Маленький мастер однажды сказал ей: «Настоящая женщина никогда не будет стесняться троих: мужа, целителя и портного. Первый – её половинка. Странно что-то скрывать от части себя, не правда ли? Второй – залог здоровья её и детей. Третий – тот, кто поможет ей всегда оставаться самой собой и даже немного красивее!» Подобное скорее услышишь из уст какой-нибудь умудрённой опытом матроны, однако она услышала от гнома и поверила. Поэтому шла сейчас переходами дворца на нижний уровень донжона, в покои королевского целителя.

Ожин встретил их в клубах вонючего пара. Сквозь приоткрытую дверь в лабораторию видны были реторты с кипящими растворами и подозрительно зелёный огонь в жерле печи.

– Ваше высочество, чем могу помочь? – поинтересовался мэтр, торопливо смывая сажу с ладоней и лица в рукомойнике, находящемся в углу лаборатории.

Всё ещё пребывая в растерянности, Бруни передала ему слова мастера Артазеля.

– Вы позволите?

Целитель протянул к ней руки, повёл, не прикасаясь, по контуру тела. И вдруг, засмеявшись, с восхищением произнёс:

– Старый негодник, ну как он каждый раз узнаёт об этом раньше меня?!

* * *

Ласурская бригада, стоя за костяным помостом, на котором располагался королевский трон, смотрела, как передают эльфийскому посольству Аргониэль Ровинианиль Даирэа Кос Алкаслотль. Девушка казалась утомлённой, видимо, несмотря на комфортные условия пребывания в плену, спалось ей всё-таки плохо.

За спинами троих послов в церемониальных костюмах цвета молодой листвы, клубилось око портала – Владыка Дайелитель желал как можно быстрее увидеть дочь.

Вителья, стоящая рядом с Дробушем, с изумлением оглядывала огромный тронный зал. Всё произошедшее казалось непреходящим кошмаром, начавшимся в тот момент, когда ей удалось пересечь завесу, скрывающую Лималль от остального мира. Её и сейчас не отпускало ощущение, что то была ловушка, придуманная Гопотамкином, дабы заполучить для себя такой мощный артефакт, как Сообщающийся Сосуд. То, что Сосуд оказался человеком, древнего бога, не имевшего ни совести, ни морали, лишь своеобразное понятие о порядке, не волновало. В поединке двух воль, божественной и человеческой, победила последняя. Однако выиграла бы она, если бы не подсказка Ники и пришедшая вовремя помощь друзей?

Накануне её пожелал видеть его величество Ахфельшпроттен Первый. Закрытая аудиенция подразумевала наличие у короля лишь двух собеседников, и вторым, к изумлению Вительи, оказался почтенный Хранитель трона.

– Садись, рокури аркаэлья, – пригласил король, – дай взглянуть на тебя! Ты красива!

– Отчего вы называете меня эльфийскими словами, ваше величество? – удивилась она.

– Оттого, что они точнее всего передают твою суть, девушка. Ты носишь в себе погибель мира и когда-нибудь можешь не справиться с ней!

– Я не понимаю! – нахмурилась волшебница.

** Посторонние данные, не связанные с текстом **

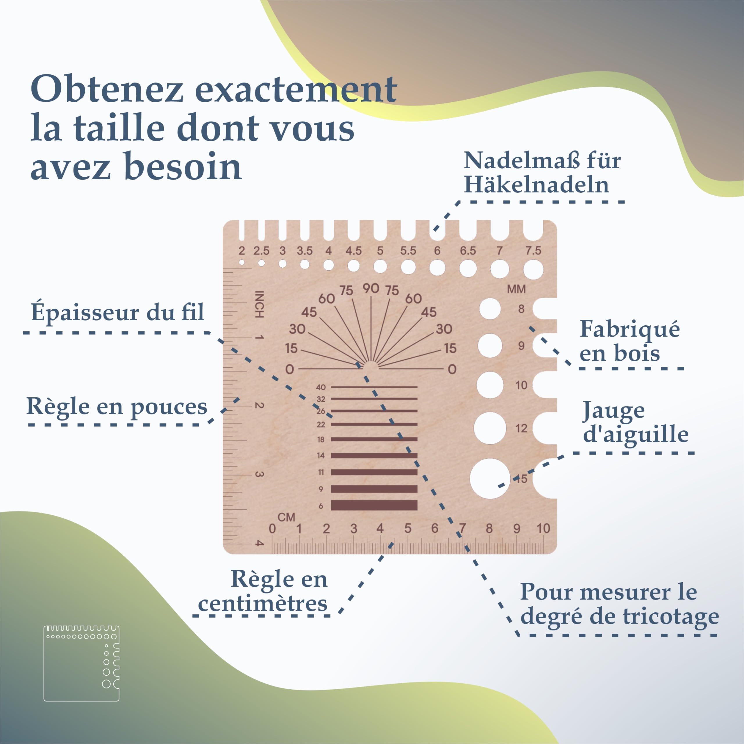 Tu es tricoteuse ou crocheteuse et tu as toujours du mal à identifier le diamètre de tes aiguilles ou crochets, surtout ceux qui n'ont pas de numéro gravé ? Cette jauge en bois est l'outil indispensable ! C'est une petite plaque carrée de 15x15 cm, épaisse et solide, avec une série de trous calibrés de 2 à 15 mm. Tu insères ton aiguille ou la tige de ton crochet dans les trous jusqu'à trouver celui qui correspond parfaitement, et hop, tu connais sa taille. En plus, elle sert aussi de règle, avec des graduations en centimètres, millimètres et pouces sur les bords, parfaite pour mesurer tes échantillons (mailles/10 cm). C'est un objet simple, bien fabriqué, qui dure dans le temps et qui évite bien des erreurs dans le choix du matériel ou le suivi d'un patron. Un accessoire pas cher mais ultra-utile pour toutes les passionnées de loisirs créatifs, du débutant à l'experte. Un cadeau parfait à offrir ou à s'offrir.

– Ирония судьбы, когда слабое существо, перенимая божественную силу, становится сильнее дарующего её! – дребезжащим голосом заговорил Хранитель трона. – В этот раз ты всё сделала правильно, не поставив мир на грань катастрофы, но будешь ли ты так же мудра в грядущем?

Вителья задумалась. Иметь неограниченную Силу – дело опасное, но ведь Ники справляется?

– Я обещаю быть осторожной, – честно ответила она, – но это всё, что я могу обещать, поскольку сама пока плохо понимаю собственную природу!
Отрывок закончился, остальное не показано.